Thank you reviewer rXRV for reviewing our paper. We have addressed your questions in our rebuttal response. As the rebuttal period is nearing its conclusion, we kindly request you to review our rebuttal and share any additional comments or concerns you may have. Thank you once again for your valuable feedback!

审稿意见

评分: 5置信度: 32025-07-05

This paper advances the understanding of building efficient ALMs with regard to trade-offs between model size, data constraints, and performance. While authors do not employ novel, groundbreaking techniques, I think this represents solid technical work with a good and important direction for the LLM-reasoning community. Although given the speech performance and limited audio knowledge, the claims regarding immediate applicability require further consideration.

优缺点分析

Strengths: Amidst the trend towards scaling LLMs to billions of parameters, I think this paper is well-motivated towards closing the gap by showing that their 135M model is able to achieve competitive reasoning over its bulkier counterparts.

Overall the paper is well-written and clear to understand. The evaluation methods are well-explained and cover multiple reasoning types {deductive, comparative, ood}

Important ablations are provided across tuning methods (lora, finetuning, prefix), data scaling effects with wav2caps, and prompting styles.

Weakenss: While the authors have intentionally constrained to using only Audiocaps+clotho to isolate reasoning improvements from those of scaling parameters, I think this severely limits the model's knowledge of audio concepts and of course generalization. Would a model with double Mellow's parameters but trained on the same constrained data still underperform due to insufficient audio concept coverage? Would the simple projection and HTSAT encoder scale effectively to larger parameter counts? Is this reasoning ability transferable or clotho-specific pattern matching? I think demonstrating reasoning improvements in isolation, may not provide sufficient evidence for the broad claim that small models can maintain competitive performance in practical applications where both larger models AND larger datasets are available

Could you please provide Fig. 3 to compute the drop against only music and sound subsets of MMAU? I think this should help validate “(1) Speech-based task constitute nearly 30% of MMAU … limited speech training ..” In my opinion, this is not just a limitation but a fundamental weakness for an audio understanding model.
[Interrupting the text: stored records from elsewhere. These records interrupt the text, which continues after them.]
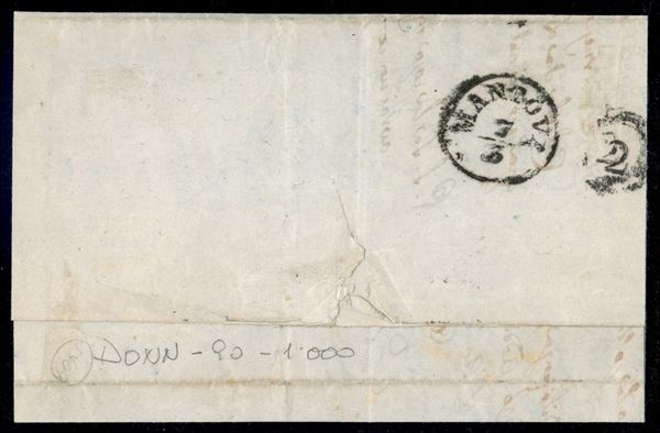 Lettera con 25 cent bruno rosso (8) da Piacenza 5 mar. 57 per Mantova - cert. E. Diena - ex coll. Rothschild
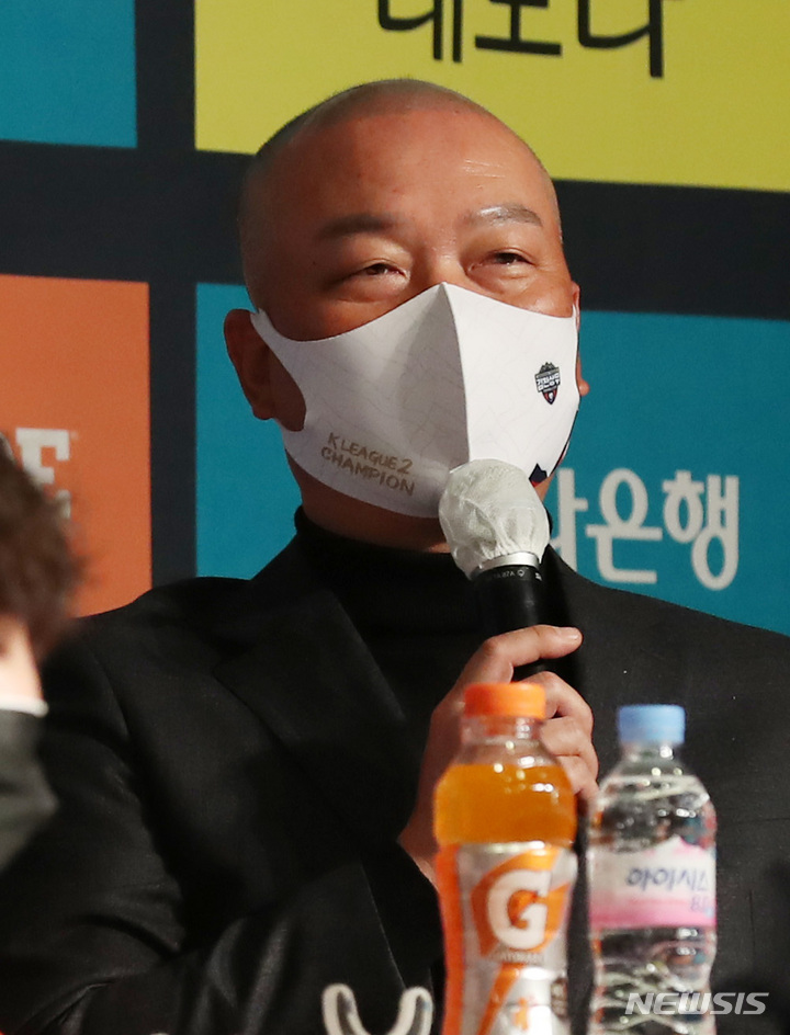 [서울=뉴시스] 이영환 기자 = 김천 상무 김태완 감독이 14일 오후 서울 용산구 백범김구기념관 컨벤션홀에서 열린 K리그1 개막 미디어데이 행사에 참석해 각오를 전하고 있다. 2022.02.14. [email protected]
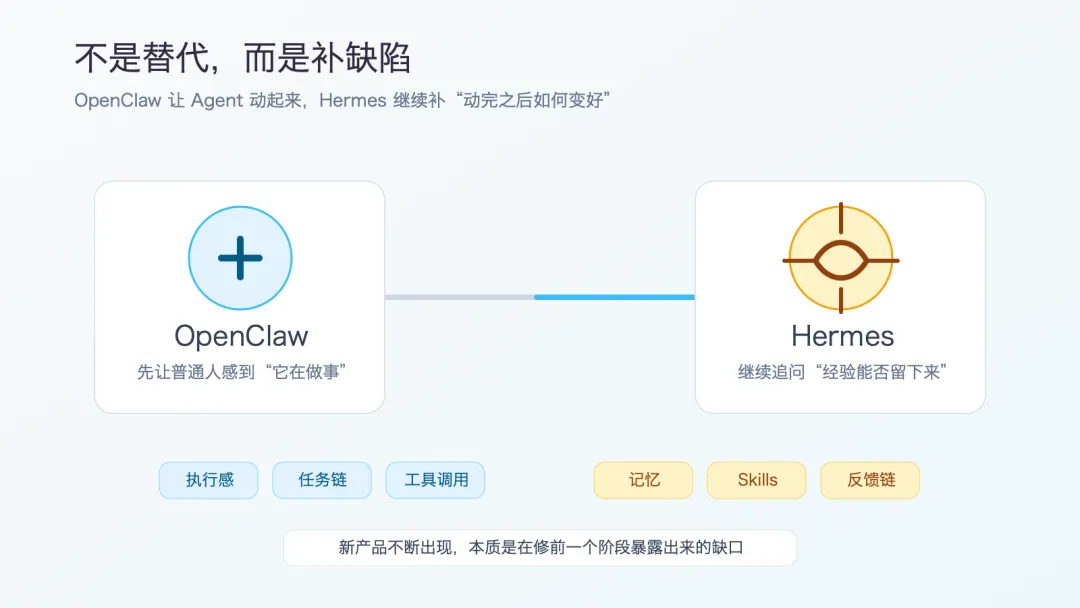 新产品会不断出现,不断修正前一个产品暴露出来的缺陷。今天是 Hermes 补 OpenClaw 的记忆、技能和自我改进,明天可能又会有新的产品继续补 Hermes 的安全、权限、成本、可观测性和协作问题。
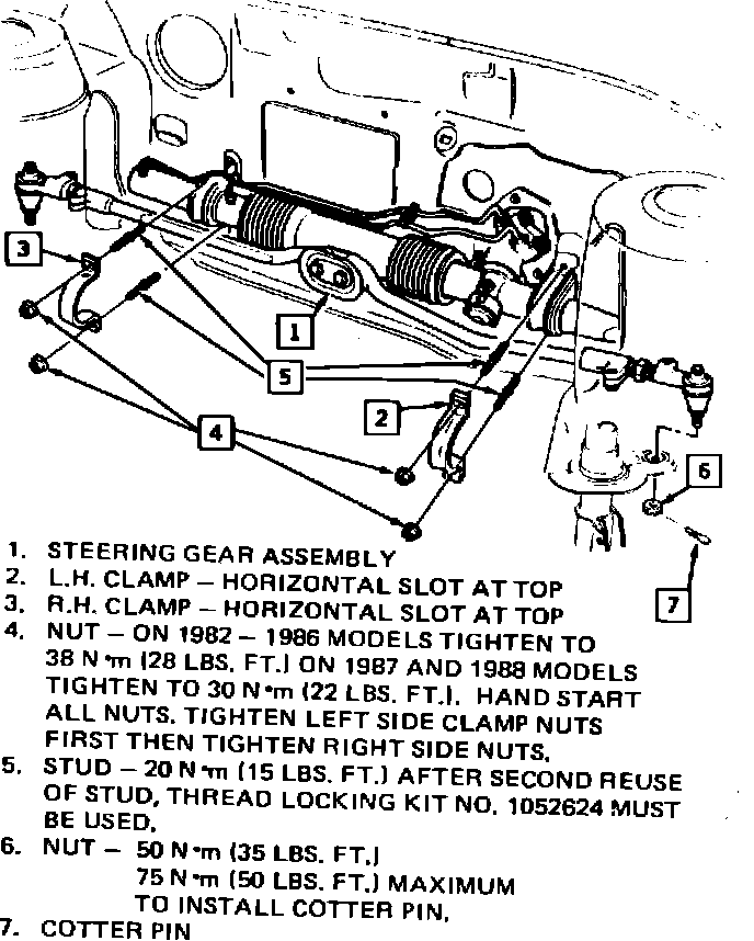 When reinstalling a center-take-off rack and pinion steering gear in a 1982-1988 Sunbird and 1986-1988 Grand Am vehicles, always hand start the four clamp nuts then tighten the left side clamp nuts (driver's side of car) to the correct torque specifications first.. Refer to Figure 1.

While 135M parameters are indeed smaller than cloud-scale models, it still requires significant resource (>500 mb; authors, please confirm this.). Most successful applications for on-device or even always-on are in 1-5M param range - considered truly on-device AI which occasionally trigger server-side computation for main LLMs. Given their param count, currently both Mellow and Qwen2 Audio sit in the same bucket - i.e both are for server side deployment. If a device triggers a late-stage process, it already transmits the audio to the server. Given that the server hypothetically has no compute constraints, why would one opt for Mellow there instead of passing the audio to bulkier QewnAudio for potentially better results? I think some clearer articulation of the intended deployment scenarios would immensely help this paper.

问题

Please see the weakness section above. All questions are embedded with the weakness I found.

局限性

yes.

格式问题

none.

作者回复

2025-07-31

We thank the reviewer for recognizing our technical contributions, thorough experiments, clear writing, and providing constructive feedback. We address every question and hope that our response resolves your concerns. Any follow-up questions are welcome.
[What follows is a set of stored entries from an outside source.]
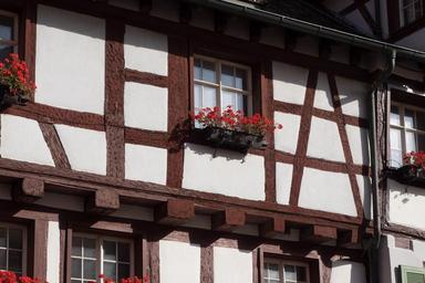 Keywords: fachwerkhaus truss flowers flower box home building wood decor old carving window old town turfed flower museum of local history maintained bar
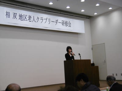 午前の部では福島県老人クラブ連合会の齋藤事務局長の講義があり、介護予防には老人クラブの活動が有効であること、
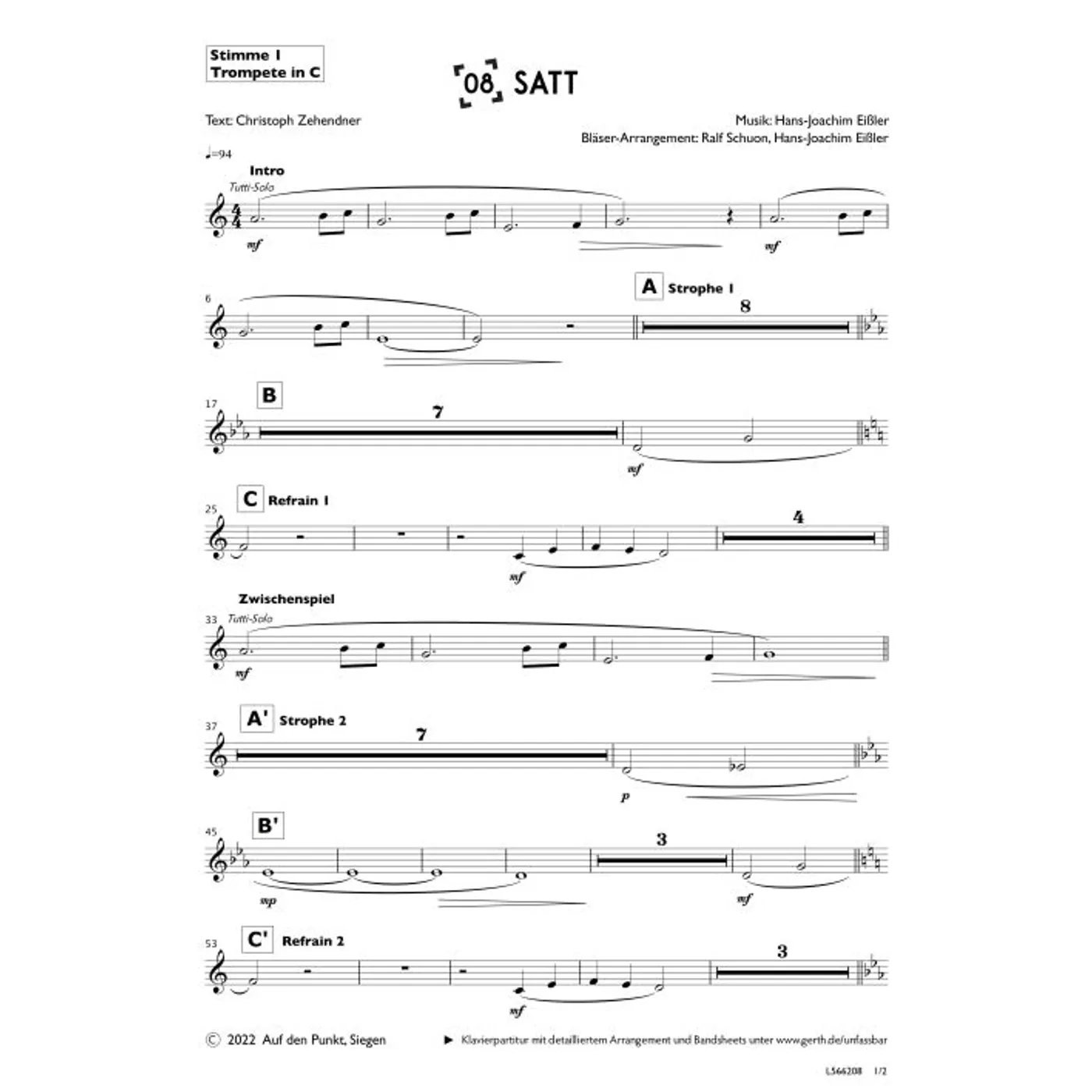 Satt (1., Trompete in Bb) (Gemeindelied, Bläser, Orchestereinzelstimme, a-moll-Moll) Hans-Joachim Eißler (Komposition, Bläsersatz), Christoph Zehendner (Text), Ralf Schuon (Bläsersatz) | Gemeindelied, Bläser, Orchestereinzelstimme, a-moll-Moll | 2,80 € | ||

While the authors have intentionally constrained ... performance in practical applications where both larger models AND larger datasets are available
The reviewer raises a valid point regarding the choice of experimental setup and its implications. To reiterate the premise: in audio models, reasoning can improve through two approaches. First, expanding data (audio) coverage (e.g., knowledge of audio objects and scenes), which provides a broader foundation upon which the model can apply its existing reasoning capabilities. Second, enhancing the model’s inherent reasoning ability through architectural, learning, or post-training techniques. By fixing the training audio, one can conduct controlled evaluations of an ALM’s reasoning performance, which can later be scaled via data expansion. Therefore, we break down the reviewer’s question into two main parts: (1) do reasoning improvements achieved in isolation translate when trained on larger datasets? and (2) do models with smaller parameter counts retain competitive performance when larger datasets are available?
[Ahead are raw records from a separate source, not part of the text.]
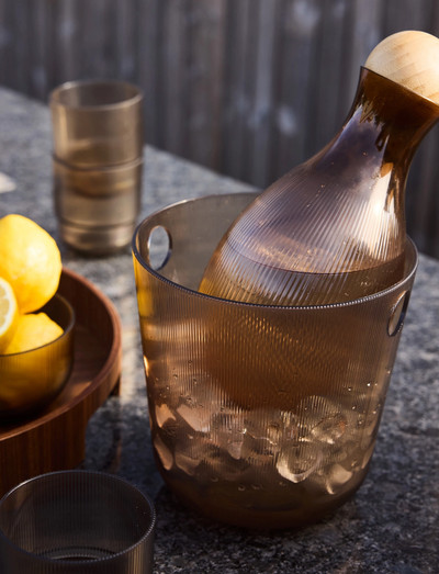 Billi carafe has a timeless design with character. With a functional form and bamboo stopper, this carafe is a natural choice for both everyday use and festive occasions. Made from recycled plastic. Billi is available in several colours & variations. Dimensions: ø12x22,.5 cm. Volume: 1.4 litres. Design Studio Sagaform. Hand wash recommended. Food safe.
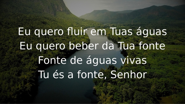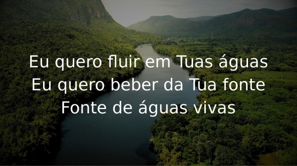 - Eu quero fluir em Tuas águasEu quero beber da Tua fonteFonte de águas vivasTu és a fonte, Senhor
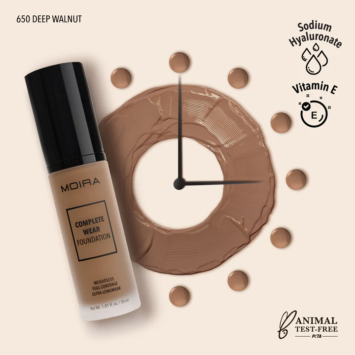 Complete Wear™ Foundation is a long-wear, water resistance, and weightless foundation that leaves a natural-looking skin tone with a matte finish. This build-able medium-to-full coverage foundation minimizes the appearance of pores and blurs out blemishes, spots, breakouts, and other small imperfections.
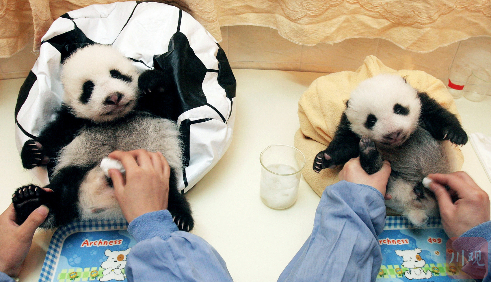 2005年10月,大熊猫育幼员照顾“乐乐”(右)。
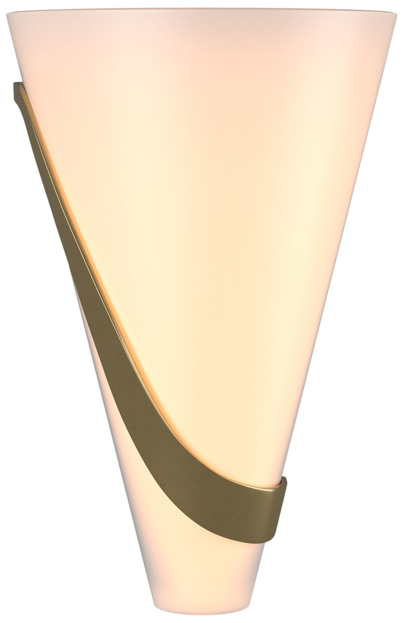 Half Cone 12"H Left Orientation Modern Brass Sconce With Opal Glass Sh
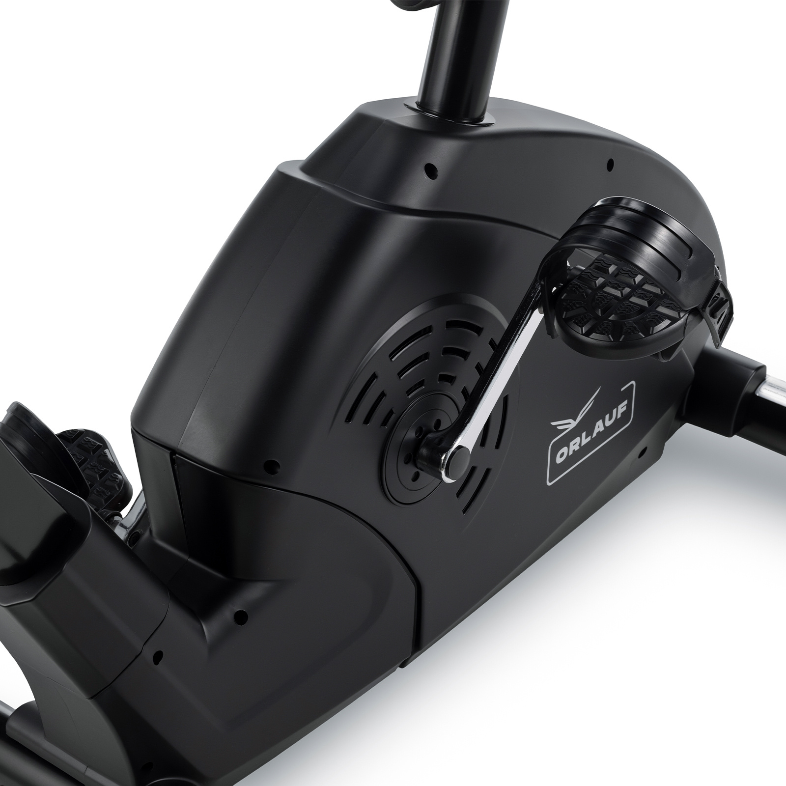 Orlauf Hase — вертикальный велотренажер с магнитной системой нагружения. За счет тяжелого маховика он подходит для интенсивных тренировок. Максимальный вес пользователя — 130 кг.
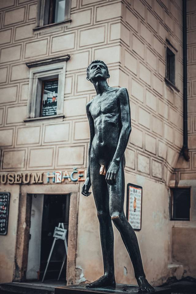 走出黄金巷,可以看到一个裸体雕像,路过的人总会投来异样的眼光,让它变得这么耀眼的人就是你我他她她她她她她她,偷偷看上一眼,这亮瞎了的颜色,让人有种羞答答的感觉。不过,摸的人如此之多,难道摸完可以一生性福子嗣绵延?编不下去了...
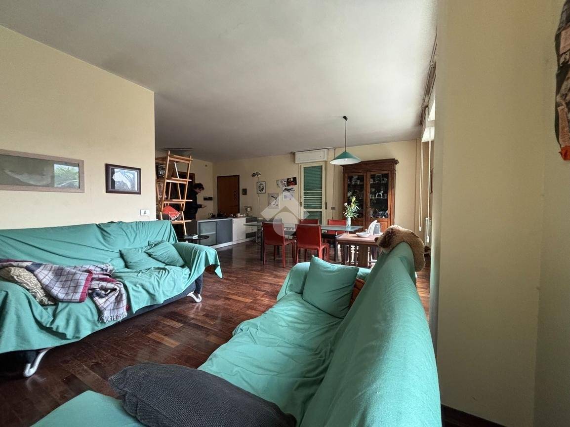 Il soggiorno, ampio e luminosissimo, è il fulcro della casa e si apre su un accogliente terrazzino, ideale per momenti di relax all'aperto.

For point (1), we agree with the reviewer that by constraining data, we limit the model's knowledge of audio concepts and its generalization ability. However, we believe that by identifying a minimal recipe on constrained data, the approach can later be scaled (in both data and parameters) to achieve better performance. One empirical piece of evidence supporting this is shown in Table 8 (the "+ WavCaps" row) and further discussed in Appendix F7. In this experiment, we utilize the popular WavCaps dataset and, using the same generation method as ReasonAQA, generate additional training data. This data provides broader coverage of audio concepts, and the results show an absolute 1.5% improvement in overall MMAU performance. Notably, music-related performance improves by an absolute 10%.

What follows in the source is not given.